Listed records:
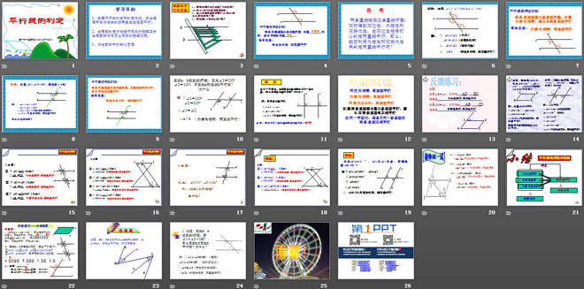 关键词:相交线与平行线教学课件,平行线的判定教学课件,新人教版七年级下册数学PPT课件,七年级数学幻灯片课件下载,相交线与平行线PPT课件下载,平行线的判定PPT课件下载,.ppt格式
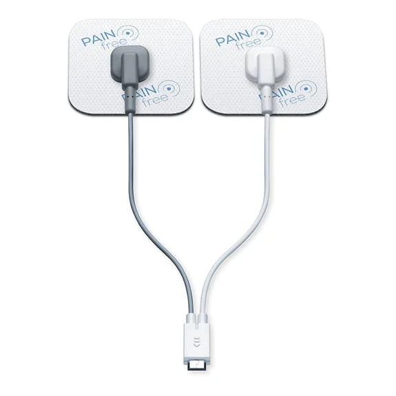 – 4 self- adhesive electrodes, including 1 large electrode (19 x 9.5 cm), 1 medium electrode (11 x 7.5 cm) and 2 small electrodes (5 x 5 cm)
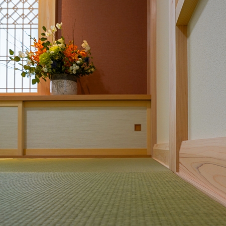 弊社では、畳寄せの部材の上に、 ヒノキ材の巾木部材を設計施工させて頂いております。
---
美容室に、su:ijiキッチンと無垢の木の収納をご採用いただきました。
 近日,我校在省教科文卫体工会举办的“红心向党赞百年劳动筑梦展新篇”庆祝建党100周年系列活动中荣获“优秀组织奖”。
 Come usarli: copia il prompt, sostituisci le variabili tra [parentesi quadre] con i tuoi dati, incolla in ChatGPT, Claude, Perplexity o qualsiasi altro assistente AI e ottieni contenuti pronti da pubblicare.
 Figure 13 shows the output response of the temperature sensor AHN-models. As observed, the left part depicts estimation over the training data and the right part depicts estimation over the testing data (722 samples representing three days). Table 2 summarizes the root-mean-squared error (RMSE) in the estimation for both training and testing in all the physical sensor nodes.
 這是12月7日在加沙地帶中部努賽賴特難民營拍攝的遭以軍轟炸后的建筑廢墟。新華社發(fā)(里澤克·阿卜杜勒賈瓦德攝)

Description of the task: Above are the records. Copy the lines beginning at the one that has "美容室に、su:ijiキッチンと無垢の木の収納をご採用いただきました。" and ending with the one that has "這是12月7日在加沙地帶中部", unchanged.

Exercise result:
美容室に、su:ijiキッチンと無垢の木の収納をご採用いただきました。
 近日,我校在省教科文卫体工会举办的“红心向党赞百年劳动筑梦展新篇”庆祝建党100周年系列活动中荣获“优秀组织奖”。
 Come usarli: copia il prompt, sostituisci le variabili tra [parentesi quadre] con i tuoi dati, incolla in ChatGPT, Claude, Perplexity o qualsiasi altro assistente AI e ottieni contenuti pronti da pubblicare.
 Figure 13 shows the output response of the temperature sensor AHN-models. As observed, the left part depicts estimation over the training data and the right part depicts estimation over the testing data (722 samples representing three days). Table 2 summarizes the root-mean-squared error (RMSE) in the estimation for both training and testing in all the physical sensor nodes.
 這是12月7日在加沙地帶中部努賽賴特難民營拍攝的遭以軍轟炸后的建筑廢墟。新華社發(fā)(里澤克·阿卜杜勒賈瓦德攝)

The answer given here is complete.